Over the past few years, with the pandemic limiting movement, confining millions of people to their home, preventing international travel, forcing people to save money, and giving us all plenty of time to think about how and where we live, real estate purchasing was front of mind.

But that could shift as life slowly but surely returns to normal and stricter measures like citywide lockdowns become a thing of the past, Mr Kusher said.

“The removal of COVID restrictions means that buyers may be less likely to dedicate as much of their income to housing. In fact, potential buyers may decide that their current home is sufficient.”

A slow but steady return to normal post-COVID may see demand for property dip. Picture: Getty

Record-low interest rates also encouraged spending on real estate, with the cost of borrowing extremely cheap.
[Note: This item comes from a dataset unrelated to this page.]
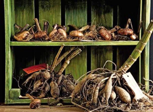 Я их храню между окон, закутываю. когда теплеет , вынимаю на подоконник,укладываю в песок в низ холодильника. Подруга закопала 200литровую бочку в землю и укрывает ее пенопластом. Клубни закутывает. И, вообще , я укдадываю все клубневые тоже в бочку, металлическую, укрываютепло, вывожу трубку наружу , загибаю ее и надеваю сетку от влезания всех любопытных, засыпаю на крышку земли. весной открываю и в дом в тазу с песком моя драгоценностьпотихонечку растет и дает мне зеленые череночки.

But there are growing signs the Reserve Bank is preparing to lift rates – it’s now a matter of when, not if.

“Although there has been no movement in variable mortgage rates – they’ve fallen if anything – the lift in fixed-rate mortgages signals rates will increase and borrowers don’t have the security of locking in low rates for several years,” Mr Kusher said.

Finally, although the changes by the Australian Prudential Regulation Authority – the banking regulator – around credit availability has been mild to date, it is tightening credit availability and reducing borrowing capacities, he said.

“In turn, this will likely contribute to a slowing of demand for housing and means that prices can’t be bid-up as rapidly as they have been over the past year.”